The acidosis should be monitored every 2 to 4 hours by following the anion gap and serum bicarbonate. Ketones may appear to increase as the β-hydroxybutyrate is converted to acetoacetate as only the latter is detected by the assay. It is more important to follow the anion gap than the ketonemia. As insulin shuts off production of ketoacids and the kidney excretes those already present, the anion gap normalizes and a non-anion-gap metabolic acidosis becomes evident. As the kidney regenerates bicarbonate over 12 to 24 hours, the acidosis resolves. When it is evident that ketoacid production has been suppressed and the bicarbonate is normalizing, the insulin infusion can be discontinued. At least 0.5 hour before stopping the infusion, however, the patient should be given subcutaneous insulin to prevent the recurrence of the acidosis.

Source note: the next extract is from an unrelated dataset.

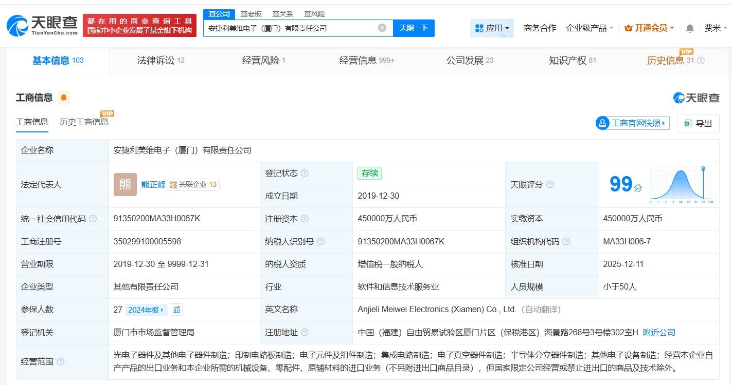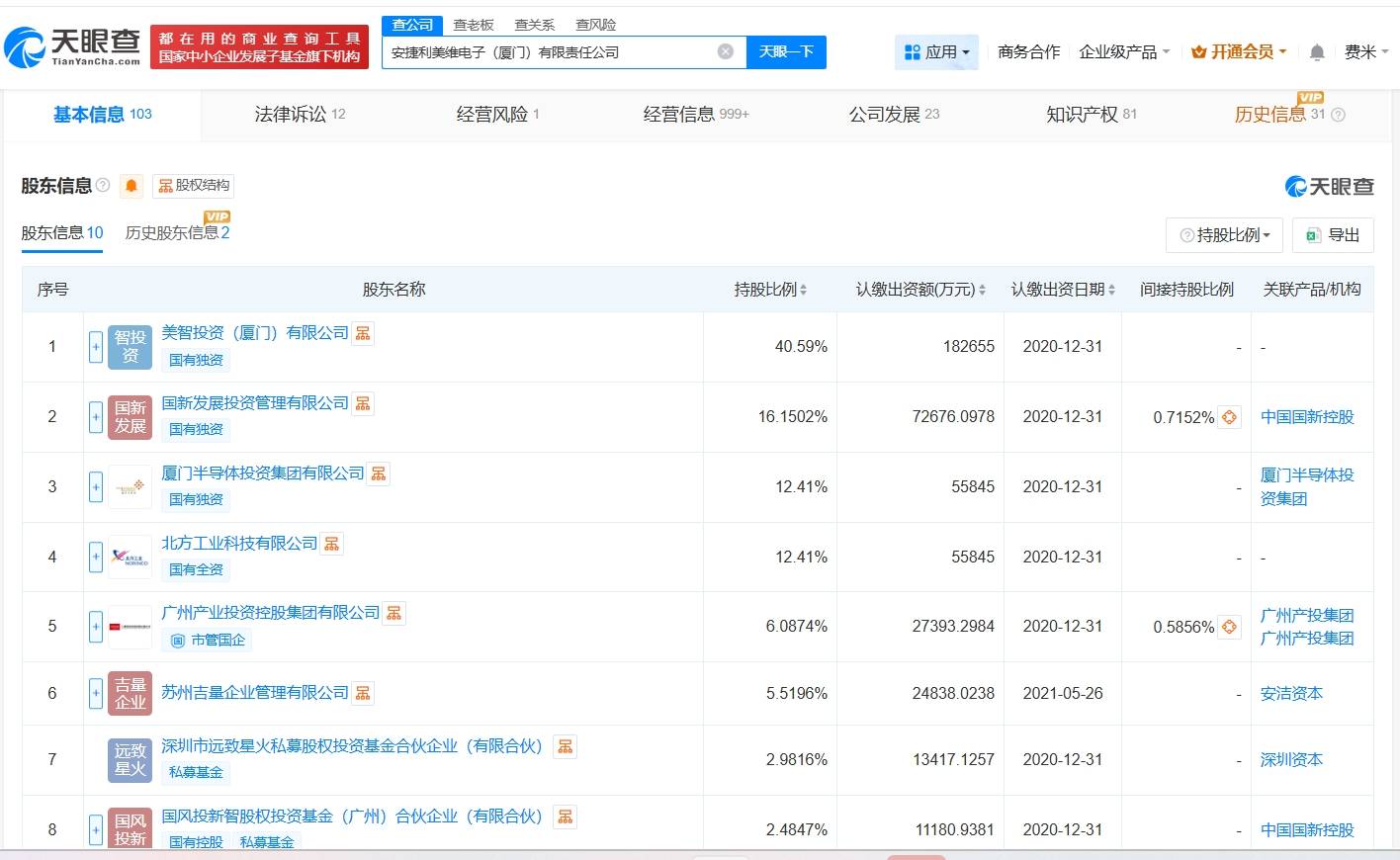 该公司成立于2019年12月,法定代表人为熊正峰,注册资本45亿人民币,经营范围包括光电子器件及其他电子器件制造、印制电路板制造、电子元件及组件制造、集成电路制造等,现由美智投资(厦门)有限公司、厦门半导体投资集团有限公司及上述新增股东等共同持股。官网显示,该公司提供高度可靠且先进的HDI一站式解决方案。
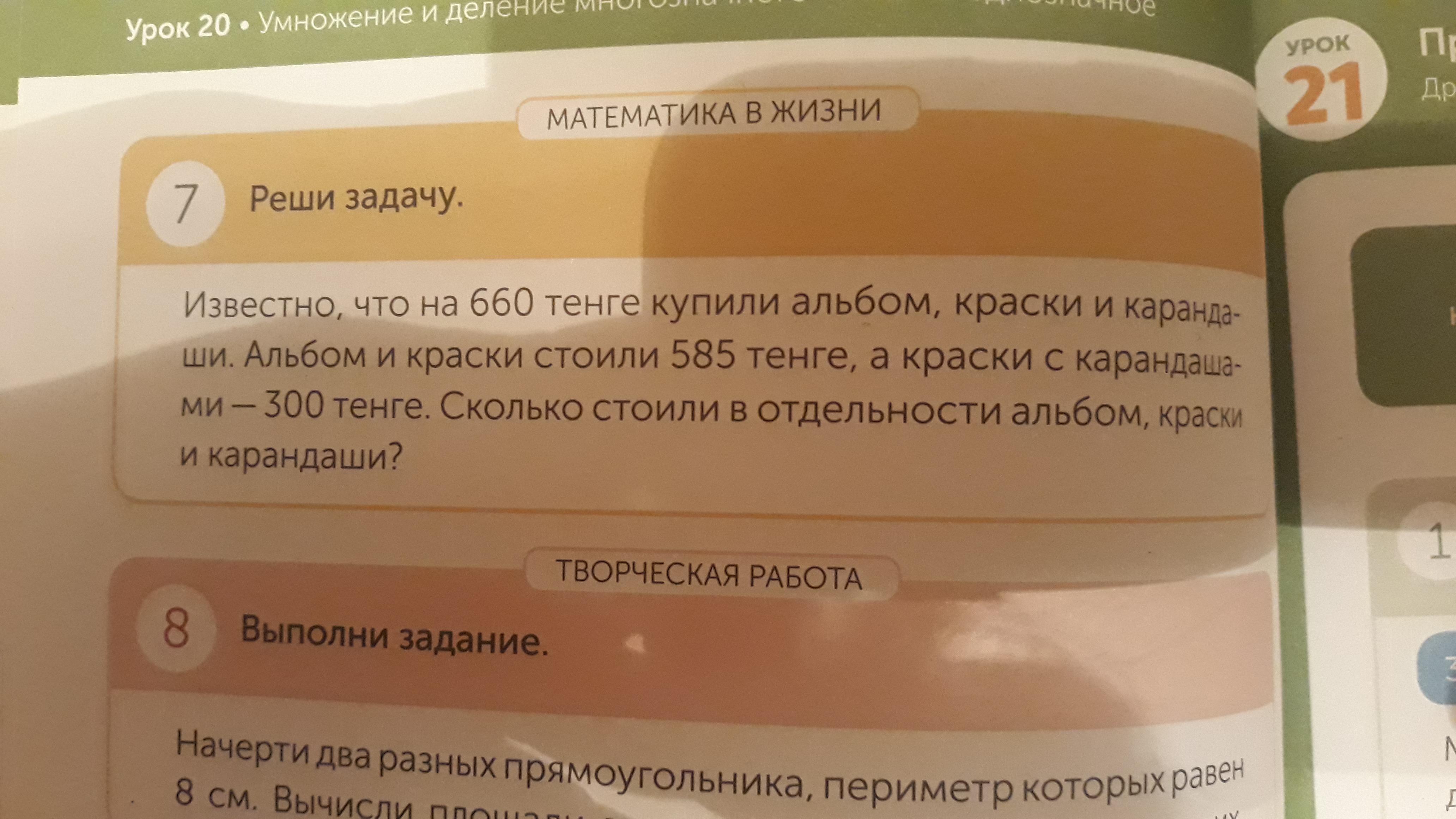 Если всего у нас 660тг,а альбом+краски стоит 585 то что бы узнать сколько стоят карандаши(отдельно) нужно 660 отнять 585:1)660-585=75(тг)-карандаши.

Despite significant acidosis, bicarbonate therapy is rarely, if ever, necessary. Even with severe acidemia (pH 7.0 to 7.2), there is no clear evidence supporting the use of bicarbonate therapy. In fact, bicarbonate infusions can be detrimental because they may delay ketoacid metabolism, unmask hypokalemia, and cause intracellular acidosis. Increased bicarbonate drives PaCO₂ production while simultaneously inhibiting respiratory drive, the result of which is intracellular acidosis. Bicarbonate therapy can be considered if the pH is < 7 but should be used judiciously.